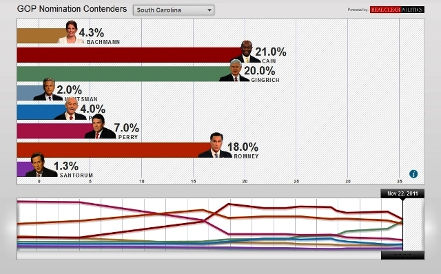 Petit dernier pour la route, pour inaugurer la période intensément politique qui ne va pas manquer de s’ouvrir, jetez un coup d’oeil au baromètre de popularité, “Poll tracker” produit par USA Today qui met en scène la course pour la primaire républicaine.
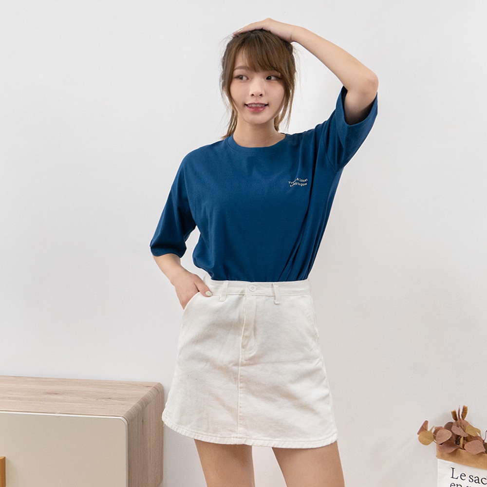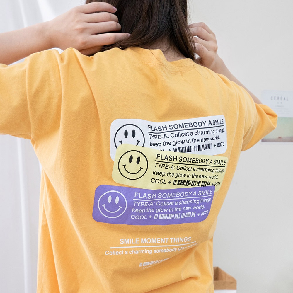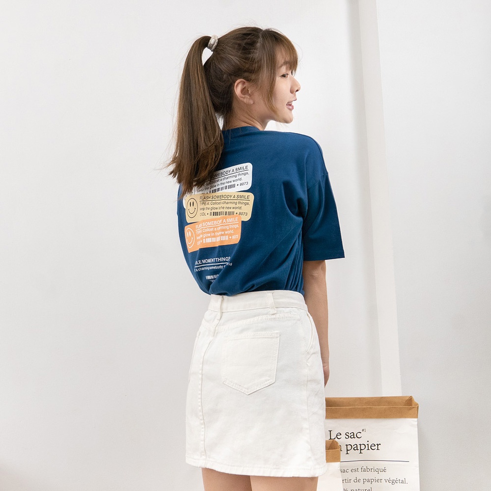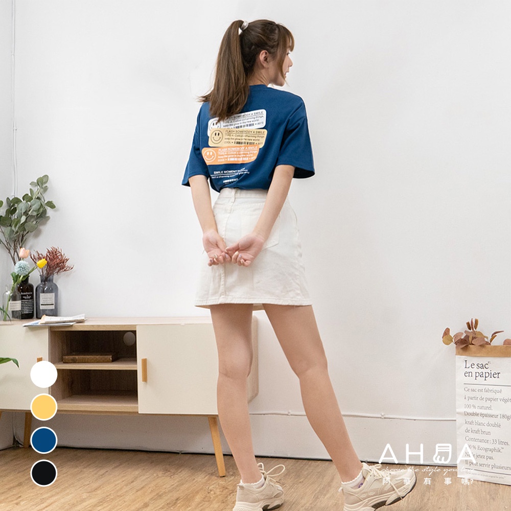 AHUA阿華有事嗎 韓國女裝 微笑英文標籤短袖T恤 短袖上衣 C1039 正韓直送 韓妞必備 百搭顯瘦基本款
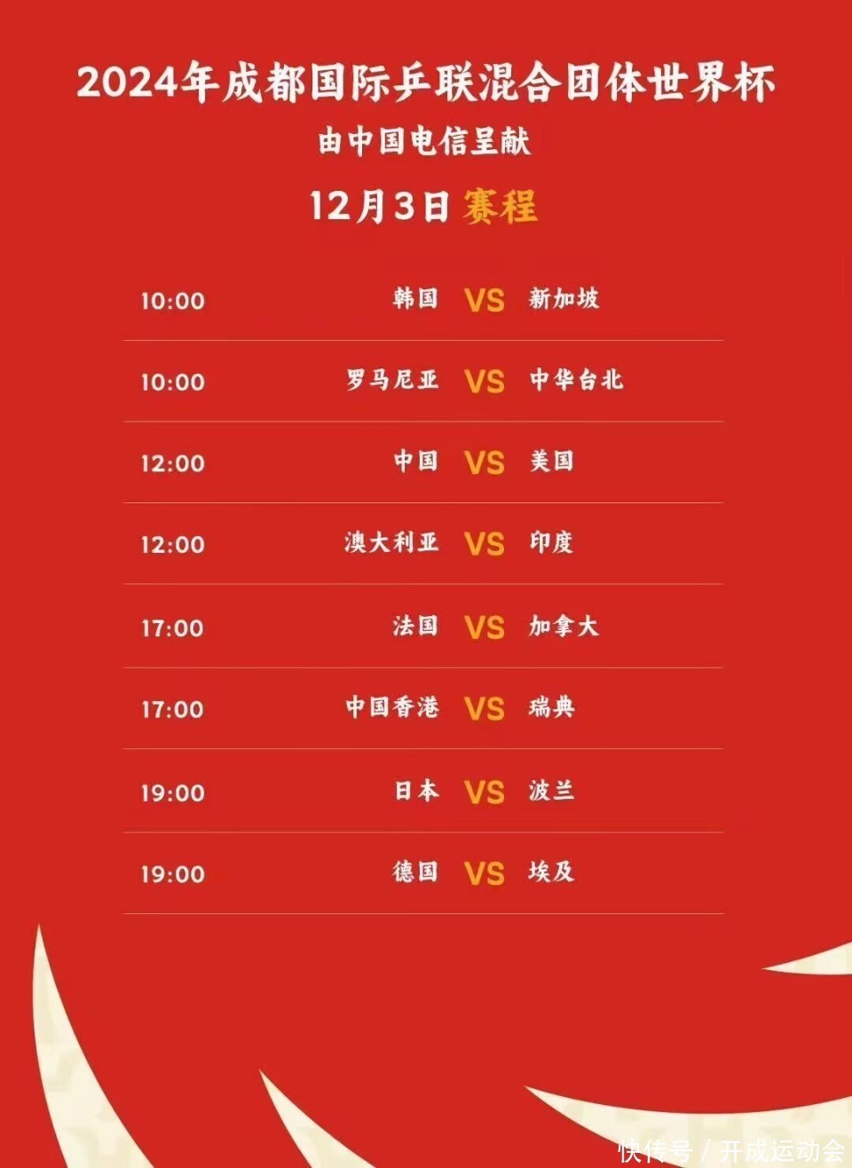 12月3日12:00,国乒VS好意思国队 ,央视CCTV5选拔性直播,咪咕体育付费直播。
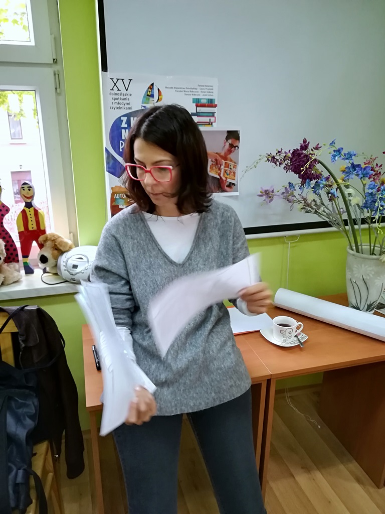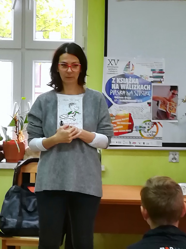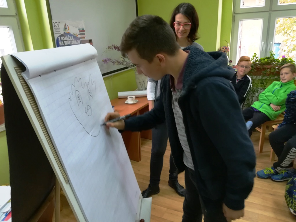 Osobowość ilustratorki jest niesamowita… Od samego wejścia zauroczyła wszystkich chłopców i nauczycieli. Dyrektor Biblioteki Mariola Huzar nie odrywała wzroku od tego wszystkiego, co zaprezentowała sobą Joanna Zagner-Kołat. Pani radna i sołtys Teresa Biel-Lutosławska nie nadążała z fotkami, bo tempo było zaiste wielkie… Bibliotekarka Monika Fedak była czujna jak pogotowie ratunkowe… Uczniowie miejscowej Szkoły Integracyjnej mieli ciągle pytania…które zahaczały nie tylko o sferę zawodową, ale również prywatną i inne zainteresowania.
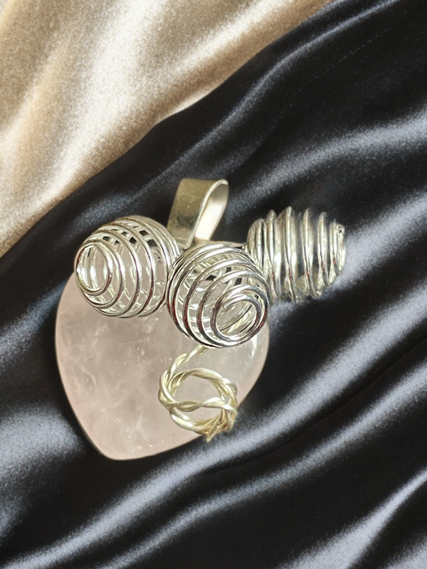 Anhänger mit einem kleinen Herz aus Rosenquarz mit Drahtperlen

What you have to do: Write out the entries word for word. Skip the pictures.

Solution to this exercise:
 Petit dernier pour la route, pour inaugurer la période intensément politique qui ne va pas manquer de s’ouvrir, jetez un coup d’oeil au baromètre de popularité, “Poll tracker” produit par USA Today qui met en scène la course pour la primaire républicaine.
 AHUA阿華有事嗎 韓國女裝 微笑英文標籤短袖T恤 短袖上衣 C1039 正韓直送 韓妞必備 百搭顯瘦基本款
 12月3日12:00,国乒VS好意思国队 ,央视CCTV5选拔性直播,咪咕体育付费直播。
 Osobowość ilustratorki jest niesamowita… Od samego wejścia zauroczyła wszystkich chłopców i nauczycieli. Dyrektor Biblioteki Mariola Huzar nie odrywała wzroku od tego wszystkiego, co zaprezentowała sobą Joanna Zagner-Kołat. Pani radna i sołtys Teresa Biel-Lutosławska nie nadążała z fotkami, bo tempo było zaiste wielkie… Bibliotekarka Monika Fedak była czujna jak pogotowie ratunkowe… Uczniowie miejscowej Szkoły Integracyjnej mieli ciągle pytania…które zahaczały nie tylko o sferę zawodową, ale również prywatną i inne zainteresowania.
 Anhänger mit einem kleinen Herz aus Rosenquarz mit Drahtperlen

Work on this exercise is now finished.